Various film companies have joined forces by filing a lawsuit against various VPN providers. The filmmakers believe they are facilitating online piracy and advertising to circumvent geographic restrictions. They demand compensation from the VPN service providers, but also that they keep log files of user data from now on.
The advantages of a VPN at a glance
Internet users are increasingly concerned about their online privacy. They don’t want big tech companies like Google and Facebook, search engines, governments, providers and other data collectors looking over their shoulder. For that reason, VPN services have become increasingly popular in recent years.
A virtual private network or VPN is a service that allows you to surf the internet securely and anonymously. A VPN encrypts all your internet traffic and hides your IP address. No one will then be able to find out your browsing history, not even your provider. Thanks to a VPN, advertising companies such as Google cannot build a profile of you: after all, you are anonymous.
Finally, with a VPN you can bypass internet blocks and geographical restrictions. Watching a Netflix series or sports match that is only broadcast abroad is, therefore, a breeze. Curious how you will watch the Formula 1
A VPN has many advantages but also has a downside. After all, a VPN can also be used for illegal activities. For example, the Amsterdam Court of Appeal ruled last year that Ziggo and XS4ALL must block all IP addresses and domain names of The Pirate Bay. With the help of a VPN, this blockage is very easy to circumvent. Users can then download their favourite movies, series, music, games and other copyrighted material undisturbed.

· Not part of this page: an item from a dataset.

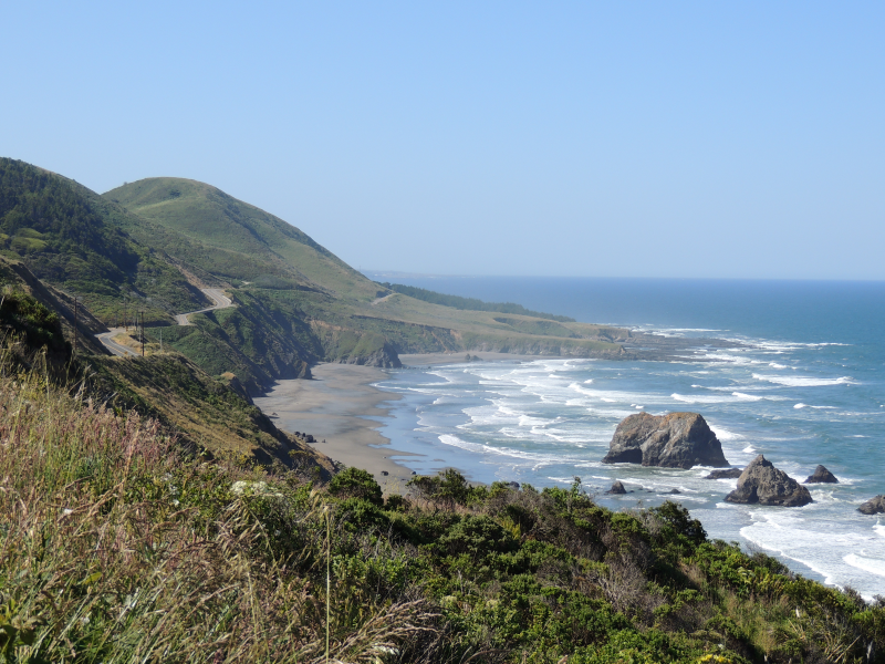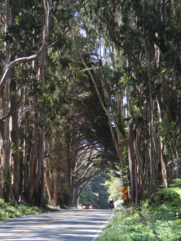 Auch heute zeigte sich bald, dass ein solides ausgiebiges Frühstück eine gute Grundlage ist, um den Anforderungen eines Ozeanküstenradlers gerecht zu werden. Anforderungen heißt in diesem Fall … Serpentinen! Wer glaubt, dass man so schön auf einer geschwungenen Küstenstraße auf einer Höhe dahinsurren kann, der irrt. Auf dem kurzen Stück von Westport nach Fort Bragg ging es immer wieder in steilen Anstiegen bergauf, aber – alte Radler- und Wandererweisheit – wo ein Berg da auch ein Tal. Die Schussfahrten konnte man kaum ausfahren, weil man da selbst als Radler die empfohlene Geschwindigkeit für die eine oder andere Kurve nicht eingehalten hätte. Besonders schön ist so ein Anstieg dann, wenn man mangels Ausweichmöglichkeit von einem Truck den Berg „hinaufgetrieben“ wird (zumindest empfindet man es als Radler so). Dort wo die State Route oder „California 1“ an die Küste heran reicht, sind die Ausblicke natürlich wie immer fantastisch. Aber selbst die „normale“ Strecke hat ihre Reize: riesige Eukalyptusbäume am Straßenrand, sogar wie ein Tunnelgewölbe über der Straße.

All kinds of parties are trying to put an end to this kind of practice. In our country, Stichting Brein wants to act against ‘frequent bit tower uploaders’. The collecting society sees them as the lubricant that keeps the exchange of illegal content going. The foundation tries to tackle online piracy with information campaigns and targeted e-mails.
Dutch Films Works has been fighting for the rights of filmmakers and other rights holders in the film world for years. The film distributor came up with the idea to find illegal downloaders 150 euros for every film or episode they downloaded from an illegal source. The German Tecxipio collected the IP addresses of illegal downloaders for Dutch Film Works. The interest group tried to collect their name and address details through the court. At the beginning of July, however, the Supreme Court ruled that Ziggo is not required to provide the film distributor’s personal data of its customers.
Filmmakers: ‘VPN providers facilitate online piracy’
In the United States, filmmakers take a different tack. Instead of having websites blocked or tackling providers, they focus their attention on VPN providers. Several film companies drag ExpressVPN, Surf Shark, and VPN Unlimited Zenmate VPN court for involvement in widespread copyright infringement.
The list of allegations is long. The filmmakers of, among others, The Hitman’s Bodyguard, Dallas Buyers Club and London has Fallen accuse the VPN providers of giving users the means to evade geographical restrictions of streaming services. Worse, they even advertise it. “Defendants are promoting their VPN services as a means that can be used to illegally copy copyrighted material without getting caught,” the indictment reads.
Finally, according to the filmmakers, these VPN providers work closely with notorious websites that promote online piracy. Some sites place a container that lists the user’s IP address and country of origin. “Your ISP can track you unless you use a zero log VPN,” it reads. To prevent this, users are advised to install a VPN, including a link to the provider to take out a subscription.
Filmmakers require VPN providers to keep logs
The movie companies have sent thousands of copyright infringement notices to Internet service providers. These are in turn forwarded to VPN providers. They say they cannot designate individual members because they are using a shared IP address.
According to the filmmakers, there is a simple solution for this, namely registering and keeping log files. “[VPN providers] have the ability to log their subscribers’ access to their VPN service, but either intentionally delete the logged information or set their system to delete the logged information so that they can promote their service as a means of anonymously copying copyrighted works,” the prosecutors write.
The film companies argue that the VPN providers are directly guilty of copyright infringement. They, therefore, demand compensation for all damage suffered. In addition, they want the providers to block websites such as The Pirate Bay for their members and to keep log files. Finally, they want the VPN providers to suspend the accounts of members who receive three or more copyright infringement notices within 72 hours.
ExpressVPN, Surfshark, VPN Unlimited and Zenmate VPN have not yet responded to the allegations.
LiquidVPN previously sued for promoting online piracy
It is not the first time that a VPN provider has been sued by a group of film companies. The same thing happened to LiquidVPN in early March. The company was accused of promoting and enabling online piracy. The prosecutors demanded damages of up to $150,000 per film, that websites that illegally offer copyrighted material be blocked, and that customers who break the rules too often be barred.